Author Giles Andreae and illustrator Guy Parker-Rees are the creative team behind the K-2 children's picture book, "Giraffes Can't Dance." This book deals with the concepts of believing in yourself, trusting your abilities and following your dreams. It also clarifies the importance of accepting help from others. You can also talk about how practice often makes perfect with your class after reading this book.
Oral Reading Response Activity
Read the book to your class. Ask your students to share with you how they are like Gerald the giraffe. Have them explain how they are different from him as well. Ask them what they personally have had to struggle to learn how to do. Ask them if anyone has ever made fun of them. Discuss how this made them feel. Allow all of your students adequate opportunities to respond orally in this class discussion of your reading of this book.

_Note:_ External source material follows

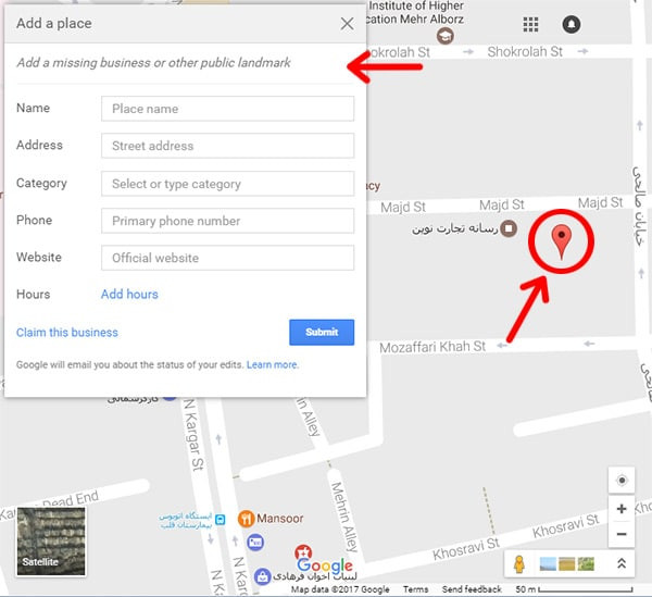 قدم به قدم ثبت مکان در گوگل مپ به صورت تصویری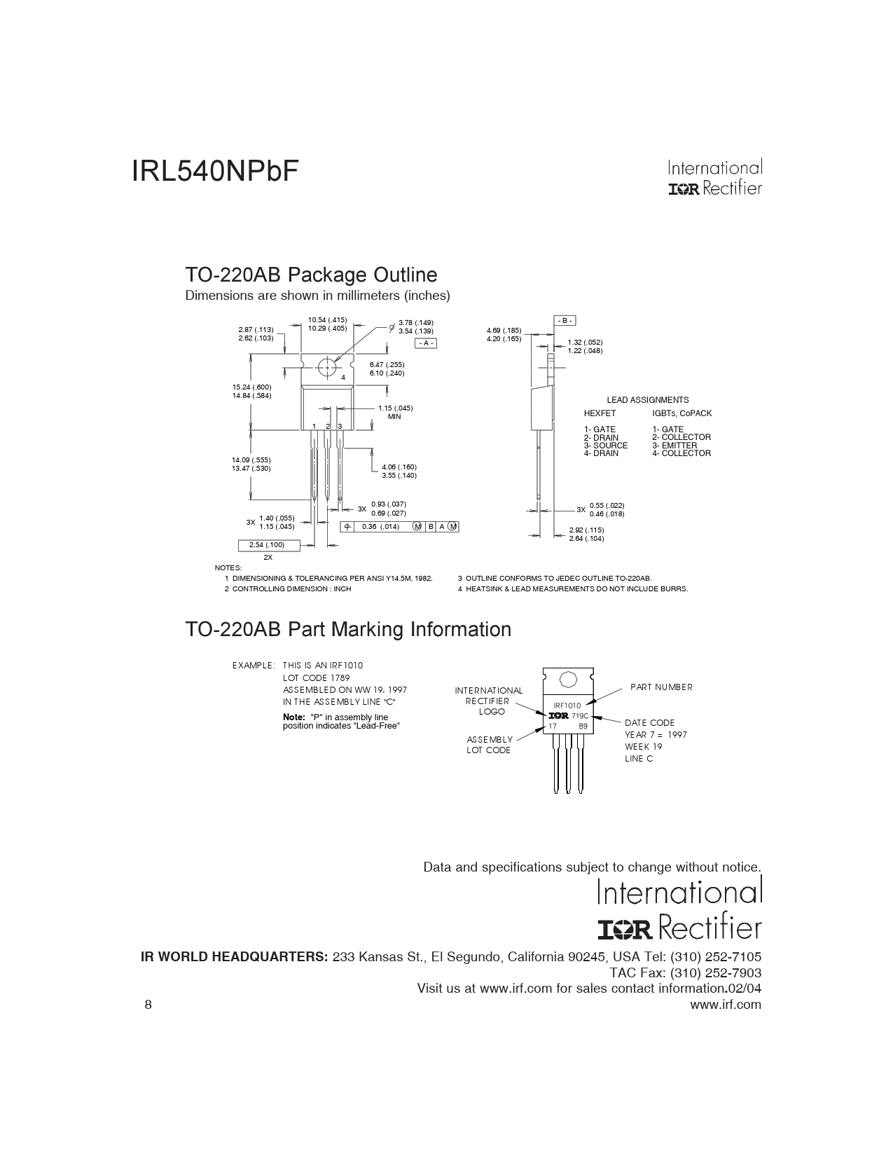 IRL540NPbF TO-220AB Package Outline Dimensions are shown in millimeters (inches) 10.54 (.415) - B - 3.78 (.149) 2.87 (.113) 10.29 (.405) 3.54 (.139) 4.69 (.185) 2.62 (.103) 4.20 (.165) - A - 1.32 (.052) 1.22 (.048) 6.47 (.255) 6.10 (.240) 4 15.24 (.600) 14.84 (.584) LEAD ASSIGNMENTS 1.15 (.045) LEAD ASSIGNMENTS MIN HEXFET IGBTs, CoPACK 1 - GATE 1 2 3 2 - DRAIN 1- GATE 1- GATE 2- 3 DRA - I S N OURCE 2- COLLECTOR 3- S O 4 - UR DR CEAIN 3- EMITTER 4- DRAIN 4- COLLECTOR 14.09 (.555) 4.06 (.160) 13.47 (.530) 3.55 (.140) 0.93 (.037) 0.55 (.022) 3X 3X 0.69 (.027) 0.46 (.018) 1.40 (.055) 3X 1.15 (.045) 0.36 (.014) M B A M 2.92 (.115) 2.64 (.104) 2.54 (.100) 2X NOTES: 1 DIMENSIONING & TOLERANCING PER ANSI Y14.5M, 1982. 3 OUTLINE CONFORMS TO JEDEC OUTLINE TO-220AB. 2 CONTROLLING DIMENSION : INCH 4 HEATSINK & LEAD MEASUREMENTS DO NOT INCLUDE BURRS. TO-220AB Part Marking Information E XAMPL E : T HIS IS AN IRF 1010 LOT CODE 1789 AS S E MB L E D ON WW 19, 1997 PART NU MB E R INT E RNAT IONAL IN T HE AS S E MB L Y LINE "C" RE CT IF IE R L OGO

Reading Response Through Drawing
Give each of your students some paper and crayons. Ask them to draw pictures of themselves in a situation that Gerald the giraffe might understand. Explain that everyone has difficulty learning to do something. Instruct them to use one side of the paper to draw how they felt and looked while learning to do a task that was difficult for them. When your students have finished their first drawings, have them turn their papers over to the other blank side. Now, instruct them to draw themselves as they looked and felt after mastering this task that was so difficult to learn.
Read, Pair, Share Activity
Read the book as a class. Break your students into pairs. Have them share their private thoughts and feelings about the book with one another in their assigned pairs. Ask each pair to think of two words that describe Gerald the giraffe. Give students sufficient time to work on this activity and then, as a class, discuss the words each pair came up with to describe Gerald.
How Can I Help Activity
Discuss, as a class, how Gerald was picked on by others in the book. This is a great opportunity to discuss strategies to help others when bullying is witnessed. It is also an appropriate time to discuss how students can help each other through difficult times at school. Be sure to discuss safety issues thoroughly. Have your students create one large poster to hang in the hall of the school that shows the many ways students can help each other at school.